Are there really any hikers/mountaineers in the Philippines?


For those who think that the people of Philippines have no interest in mountains whatsoever, I can only disagree and refer to the highly popular website Pinoymountaineer.com. The doctor and mountaineer Gideon Lasco has done a great deal of efforts to explore and document the mountains and trails around the Philippines. It should also be mentioned that Philippines has a number of outdoor brands, and Habagat is probably the most recognized because of good quality at a low price. The latter is important in a country where the average income is a fraction of the western.
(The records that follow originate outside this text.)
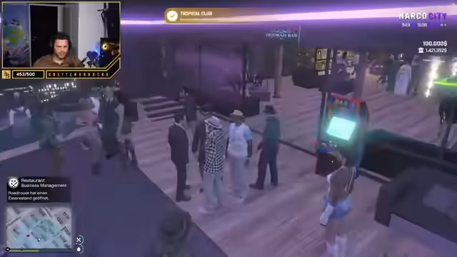 04:03:39Im Rahmen einer fiktiven Interaktion mit einer Dame namens Marsha im Narko-City-Stream werden kriminelle Pläne geschmiedet. Der Streamer und sein Gegenüber, Breitenberg, diskutieren ein Geschäftsmodell, bei dem Frauen entführt, ihr Gehirn gewaschen und anschließend als Prostituierte eingesetzt werden sollen, um Konkurrenz zu einem Tom Hagen aufzubauen. In diesem Kontext werden auch neue Charaktere wie Bronco und Cherry vorgestellt, die in die kriminellen Aktivitäten eingebunden werden.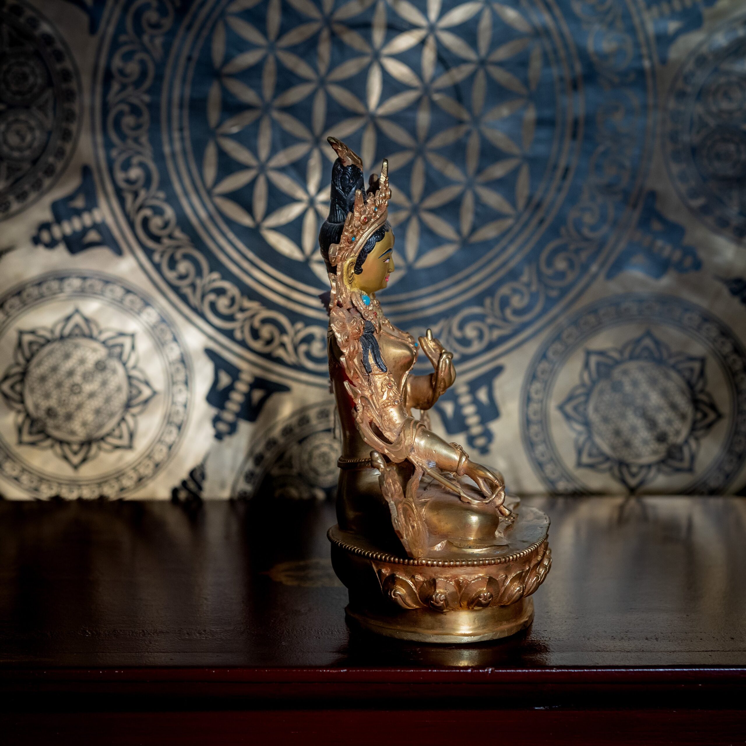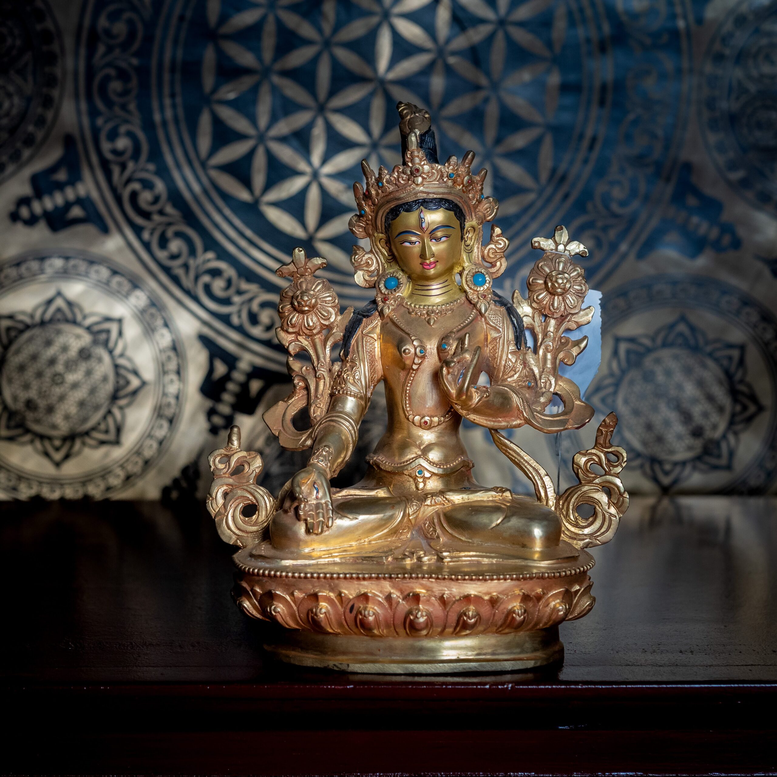 il Buddha femminile della compassione. Tara Bianca – conosciuta anche come Sita Tara – è l’aspetto pacifico e luminoso della Liberazione dagli otto veleni e dalla malattia, associata alla guarigione, alla longevità e alla protezione dalla morte prematura. È considerata un rifugio sicuro per chi desidera proseguire la propria pratica spirituale in salute e con forza.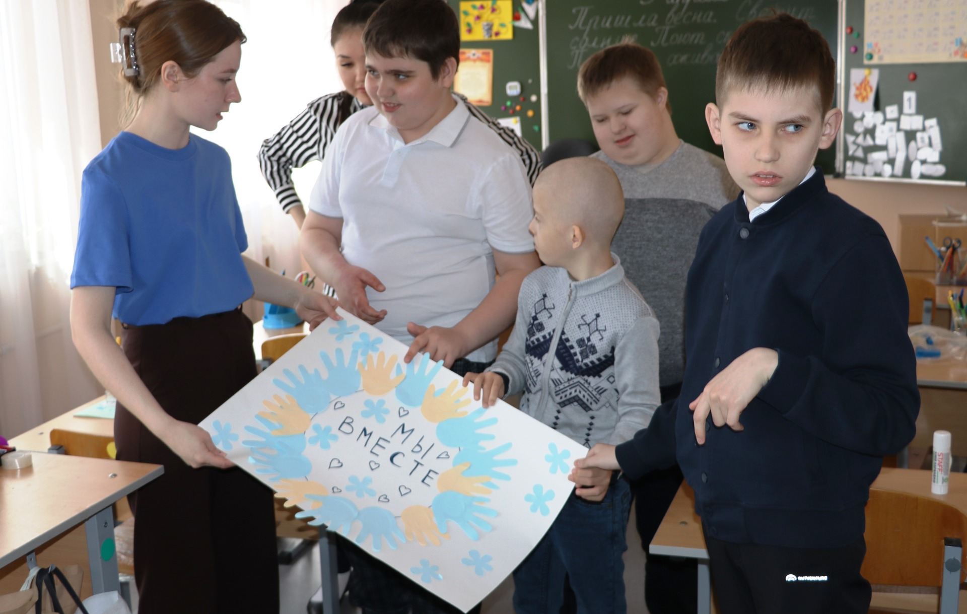 С целью привлечения внимания общественности к проблеме аутизма в России ученики совместно с педагогами распространили тематические листовки среди жителей района.
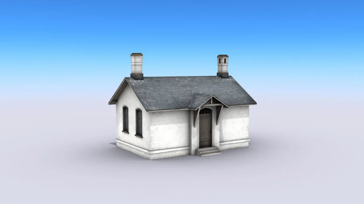 High-quality low-poly 3D model of white brick house building. It is best for use in games and other VR / AR, real-time applications such as Unity or Unreal Engine.

From Cebu City to Dalaguete


From our hotel in "uptown" Cebu City, we took a taxi to the South Bus Terminal. From here there are frequent buses (Ceres Liner Company) departing for Dalaguete, Oslob or Bato (every 5 minutes or so). All mentioned routes go through Dalaguete, and the ride takes about 2 hours (110 pesos for A/C bus). We didn't intend to do Osmena Peak as a day trip from Cebu City (although it's possible). Instead, we checked into Ocean Bay Beach Resort in Dalaguete, where we already had reserved a room for 800 pesos a night at booking.com. This is definitely a resort that has seen its better days, but the room rates are good value.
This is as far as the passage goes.